Nigeria Centre for Disease Control and Prevention (NCDC) has said that 2,102 suspected cases of cholera and 63 deaths have been recorded across 33 States and 122 LGAs in the country.
The director-general of NCDC, Dr Jide Idris, who disclosed this at a media conference on cholera outbreak response update yesterday in Abuja, said Bayelsa, Abia, Zamfara, Bauchi, Katsina, Cross River, Ebonyi, Rivers and Delta are among the 10 top states that contribute about 90 percent of the cases.
The DG identified inadequate toilet facilities, poor sanitation and inadequate safe water as factors militating against cholera eradication in the country.
He said, “Only 123 (16%) of 774 LGAs in Nigeria are open defecation-free, with Jigawa being the only open defecation-free state in Nigeria. More than 48 million Nigerians practice open defecation.
“Inadequate toilet facilities and existing ones, even in many government facilities, not well maintained. Inadequate Safe water and poor sanitation: 11 percent of schools, six percent of health facilities, four percent of motor parks and markets have access to basic water, sanitation and hygiene services.”
Idris also listed poor waste management practices, poor food, environmental, and personal hygiene practices, and a capacity gap among healthcare workers at the state and LGA levels as challenges.

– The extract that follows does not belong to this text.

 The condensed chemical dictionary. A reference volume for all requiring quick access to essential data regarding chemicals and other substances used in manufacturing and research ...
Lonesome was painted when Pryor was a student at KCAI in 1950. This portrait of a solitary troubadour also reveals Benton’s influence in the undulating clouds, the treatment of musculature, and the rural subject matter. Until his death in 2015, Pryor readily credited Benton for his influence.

However, he said the recently activated National Cholera Multisectoral Emergency Operation Centre (EOC) is providing strategic coordination.

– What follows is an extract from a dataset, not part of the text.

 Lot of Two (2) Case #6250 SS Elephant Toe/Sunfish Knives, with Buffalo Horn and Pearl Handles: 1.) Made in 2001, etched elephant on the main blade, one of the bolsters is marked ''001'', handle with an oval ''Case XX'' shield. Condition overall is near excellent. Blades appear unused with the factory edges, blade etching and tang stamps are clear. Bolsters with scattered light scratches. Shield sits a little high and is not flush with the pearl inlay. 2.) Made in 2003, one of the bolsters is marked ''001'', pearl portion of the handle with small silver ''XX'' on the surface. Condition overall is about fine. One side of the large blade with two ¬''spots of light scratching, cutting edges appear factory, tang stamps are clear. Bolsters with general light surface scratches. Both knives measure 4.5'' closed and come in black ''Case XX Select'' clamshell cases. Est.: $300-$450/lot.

He said this is done through the relevant thematic areas of response, which cover coordination, surveillance, case management, infection prevention and control, risk communication, and community engagement.
Others are water sanitation and hygiene, vaccination, logistics, and research, with a costed incidence action plan for the response being developed and implemented.
Idris said these will help facilitate rapid communication, data analysis, and decision-making.